Why did the last 13 BRP4 tasks I received taking more than twice as long to complete as any of the previous tasks? Is this normal or should I start looking for something on my end?
are you monitoring your GPU activity w/ a utility like MSI Afterburner or the like? is your nVidia GPU's core clock only half the frequency of what it should be? if so, then at some point your GPU decided to throttle back...whether it was due to a video driver reset or something else, i don't know. but the only way to stop the throttling is to restart the computer as far as i know...
Why did the last 13 BRP4 tasks I received taking more than twice as long to complete as any of the previous tasks? Is this normal or should I start looking for something on my end?
are you monitoring your GPU activity w/ a utility like MSI Afterburner or the like? is your nVidia GPU's core clock only half the frequency of what it should be? if so, then at some point your GPU decided to throttle back...whether it was due to a video driver reset or something else, i don't know. but the only way to stop the throttling is to restart the computer as far as i know...

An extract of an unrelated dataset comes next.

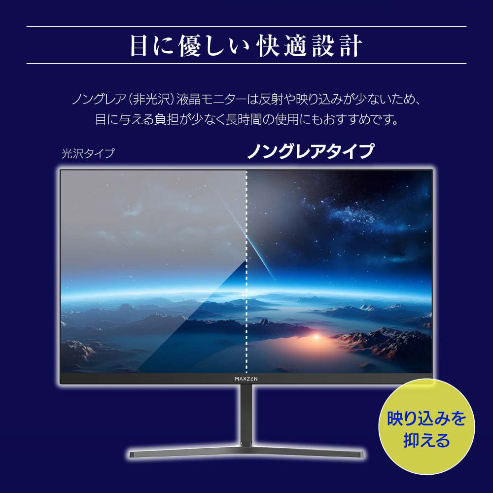 ノングレア(非光沢)液晶モニターは反射や映り込みが少ないため、目に与える負担が少なく長時間の使用にもおすすめです。

I use afterburner and all the settings are the same. There has been no throttling back. I run everything @ stock. What percent of a CPU core should it be using? BoincTasks shows 15% CPU usage.

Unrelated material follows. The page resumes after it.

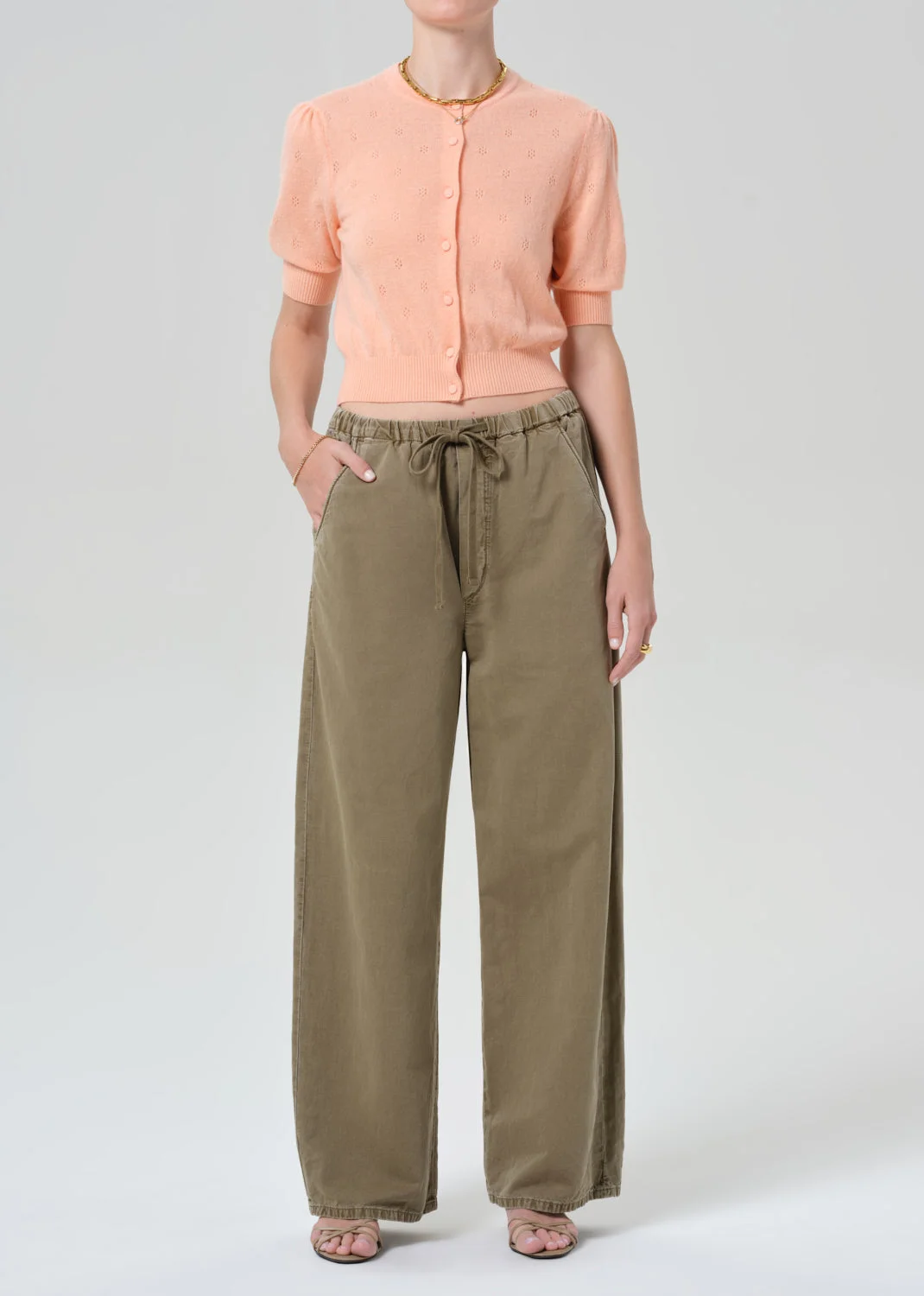 The Raina Pointelle Short Sleeve Cardigan is a modern classic with a softly structured silhouette and delicate pointelle detailing. Knit from a luxurious blend of natural wool and ultra-fine cashmere, it’s exceptionally soft, breathable, and lightweight. Refined yet relaxed, it’s the perfect layering piece for year-round wear. This fit is true to size. Looks Like: Medium to light orange short sleeve puff sleeve cardigan Feels Like: A mix of natural wool fibers and ultra fine cashmere, giving a breathable and soft hand feel From our HUMANITY Collection DETAILS Body Length: 20" Chest: 35 1/2" Sleeve Length: 11 3/4" Model is 5'10" and is wearing a size Small Fabric Content: 57% Wool 43% Cashmere Care Instructions: Dry clean only. Made in Bulgaria with imported materials 5186_CRMSI

EDIT: I may have found the problem. Normally Einstein uses about 65% of the GPU but for some reason afterburner was showing 85% usage. I couldn't find what was using the other 20% but after a reboot the GPU is back to 65% usage. Very strange. WCG has been beta testing a GPU app this week but there are no tasks for that app running at this time. I have no idea how but I wonder if that had something to do with it. I'll keep a closer eye out when the next batch of betas are released.

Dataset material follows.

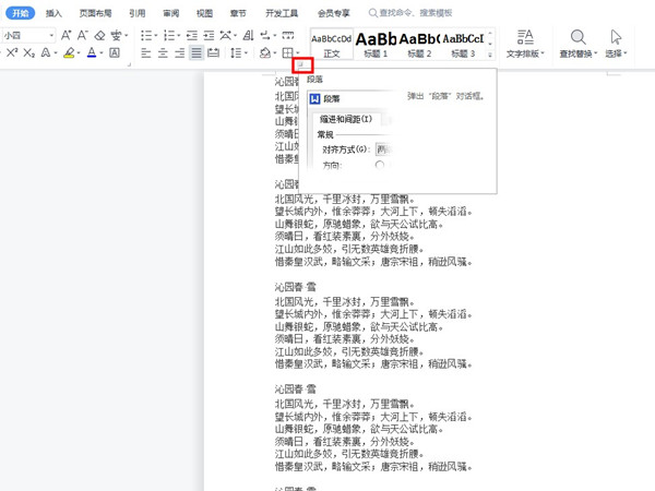 1、打开word文档编辑页面,在开始页面点击进入段落设置。

Hallo, I would like to ask for some help (or explanation) if possible...
Since the the beginning of March I haven´t received any GPU tasks. I suppose it has something to do with the new BRP4 Cuda application but I am not sure whether because of the my project settings or low performance of my graphic card. While updating of project I receive the message: "no work sent, see scheduler log messages on http://einstein.phys.uwm.edu/host_sched_logs/..."
here is the log:
Request: [USER#xxxxx] [HOST#xxxxxxx] [IP xxx.xxx.xxx.116] client 6.12.34
[send] effective_ncpus 4 max_jobs_on_host_cpu 999999 max_jobs_on_host 999999
[send] effective_ngpus 1 max_jobs_on_host_gpu 999999
[send] Not using matchmaker scheduling; Not using EDF sim
[send] CPU: req 0.00 sec, 0.00 instances; est delay 0.00
[send] CUDA: req 1.00 sec, 1.00 instances; est delay 0.00
[send] work_req_seconds: 0.00 secs
[send] available disk 24.18 GB, work_buf_min 0
[send] active_frac 0.995855 on_frac 0.639550 DCF 3.890007
[send] [HOST#xxxxxxx] is reliable
[send] set_trust: random choice for error rate 0.000078: yes
[version] Don't need CPU jobs, skipping version 101 for einstein_S6Bucket ()
[version] Checking plan class 'SSE2'
[version] reading plan classes from file '../plan_class_spec.xml'
[version] Don't need CPU jobs, skipping version 101 for einstein_S6Bucket (SSE2)
[version] Checking plan class 'SSE'
[version] Don't need CPU jobs, skipping version 102 for einstein_S6Bucket (SSE)
[version] no app version available: APP#16 (einstein_S6Bucket) PLATFORM#2 (windows_intelx86) min_version 0
[version] Checking plan class 'BRP4cuda32'
[version] parsed project prefs setting 'gpu_util_brp' : false : 0.000000
[version] driver version required max: -29053, supplied: 29573
[version] Checking plan class 'BRP4SSE'
[version] parsed project prefs setting 'also_run_cpu' : true : 0.000000
[version] Don't need CPU jobs, skipping version 122 for einsteinbinary_BRP4 (BRP4SSE)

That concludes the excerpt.